BEIRUTE, Líbano – O governo sírio executou 24 pessoas e condenou 11 outras à prisão perpétua com trabalhos forçados por acender incêndios florestais que queimaram no noroeste do país no ano passado, anunciou o Ministério da Justiça da Síria em um declaração no facebook na quinta feira.
As pessoas condenadas foram acusadas não de incêndio criminoso, mas de terrorismo, disse o governo, porque suas ações causaram mortes, bem como danos extensos à infraestrutura, propriedades públicas e privadas, terras agrícolas e florestas.
A dureza das sentenças, que foram impostas na quarta-feira, chocou até mesmo os defensores dos direitos humanos que acompanharam a brutalidade da guerra civil de 10 anos no país. Durante esse tempo, o governo do presidente Bashar al-Assad bombardeou as próprias cidades da Síria, impôs cercos sufocantes a comunidades rebeldes e fez desaparecer um número desconhecido de pessoas em suas prisões.
“A ideia de que 24 pessoas foram executadas em decorrência de incêndios florestais soa como a farsa que Bashar al-Assad fez do sistema judiciário na última década”, disse Sara Kayyali, pesquisadora síria da Human Rights Watch.
Ela observou que os incêndios se concentraram em partes do noroeste do país que geralmente são leais a al-Assad e onde os residentes têm alguma margem de manobra para criticar o estado.
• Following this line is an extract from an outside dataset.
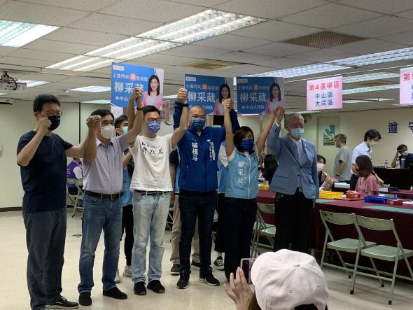 趙少康(左一)、郝龍斌(左二)等今天陪同中國國民黨議員參選人前往臺(tái)北市選委會(huì)登記。(圖片來源:臺(tái)灣《聯(lián)合報(bào)》)
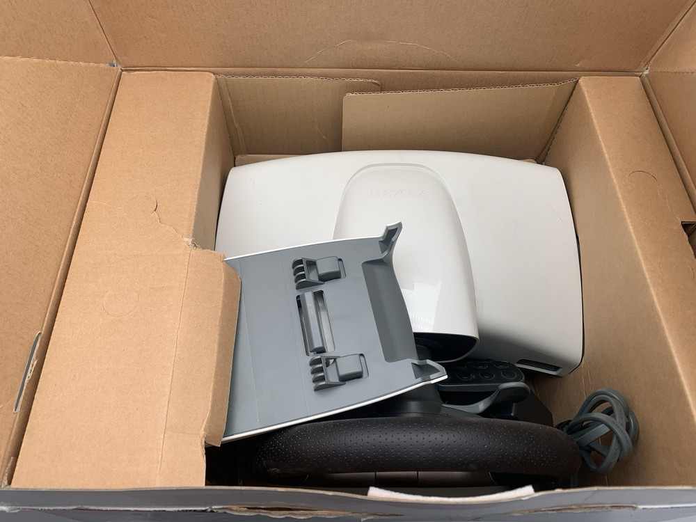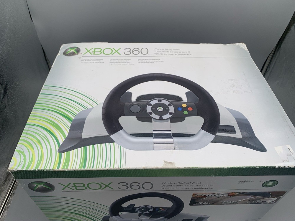 The Microsoft Xbox 360 Wireless Racing Steering Wheel is a white plastic replica of a steering wheel designed for racing games on the Xbox 360 platform. It features a wireless connectivity option for convenience and offers a realistic gaming experience for solo play. This officially licensed product by Microsoft is compatible with various racing games, consoles, and controllers, making it a versatile accessory for enthusiasts of racing simulations No demo disc or manuals

Enquanto as chamas atingiam suas comunidades no outono passado, destruindo casas, plantações e florestas, muitos recorreram às redes sociais para criticar o governo por não controlar os incêndios e por oferecer apenas uma compensação mínima às suas vítimas.
As execuções podem ter o objetivo de mostrar aos leais nessas áreas que al-Assad estava levando o assunto a sério, disse Kayyali. “Isso me parece uma medida destinada a reforçar a popularidade de Assad e a popularidade do governo nessas áreas”, disse ela.
As execuções, no entanto, provavelmente não ajudaram os esforços de al-Assad para diminuir seu status de pária internacional.
Nos últimos meses, ele tem restabelecido os laços com seus vizinhos, muitos dos quais estão resignados com o fracasso de um levante que buscou derrubar o líder sírio, mas em vez disso levou à guerra civil.
Al-Assad falou recentemente por telefone com o rei Abdullah II da Jordânia, um dos parceiros mais próximos dos Estados Unidos no Oriente Médio, pela primeira vez em 10 anos. E na quinta-feira, ele falou com outro parceiro americano próximo, Mohammed bin Zayed Al-Nahyan, o príncipe herdeiro de Abu Dhabi e governante de fato dos Emirados Árabes Unidos, sobre como aumentar a cooperação entre seus “países irmãos”, de acordo com o Agência de notícias do estado dos Emirados.
A agência de notícias estatal síria, SANA, não informou sobre as execuções, mas publicou um artigo sobre os incêndios. Sua manchete: “Um ano após o crime que partiu o coração dos sírios”.
O relatório disse que os incêndios queimaram partes de quatro províncias, destruíram 32.000 acres de plantações, incluindo olivais e pomares de frutas cítricas, e causaram perdas de quase US $ 24 milhões aos agricultores. Também danificou mais de 370 casas.
O comunicado do Ministério da Justiça não citou os condenados nem forneceu informações sobre como ou onde foram executados. Mas disse que eles realizaram reuniões de planejamento e continuaram a acender fogueiras com substâncias inflamáveis por alguns meses.
Além dos executados ou condenados à prisão perpétua, outros nove, incluindo cinco adolescentes, foram condenados à prisão, segundo o comunicado. Os adolescentes receberam entre 10 e 12 anos.
De acordo com Anistia Internacional, A China teve o maior número de execuções relatadas em 2020, enquanto os próximos quatro países da lista eram todos do Oriente Médio: Irã, Egito, Iraque e Arábia Saudita.
A Síria não aparece em tais classificações devido à opacidade de seu sistema penal. As execuções raramente são anunciadas e muitas acontecem nas prisões após pouco ou nenhum processo legal, dizem grupos de direitos humanos. Muitas vezes, mesmo os parentes dos executados não são informados.
Kayyali disse que o uso da lei do terrorismo nos casos de incêndio florestal foi profundamente problemático. Esses casos, disse ela, são ouvidos em um tribunal especial de contraterrorismo, onde as confissões são frequentemente coagidas, os acusados não têm direito a representação legal adequada e muitos suspeitos são punidos por se oporem ao governo.
“Vimos a lei de contraterrorismo e este tribunal ser usado para reprimir dissidentes, para enviar centenas de pessoas para a morte”, disse Kayyali. “Portanto, a ideia de que isso foi referenciado em relação a essas execuções é uma bandeira vermelha imediata.”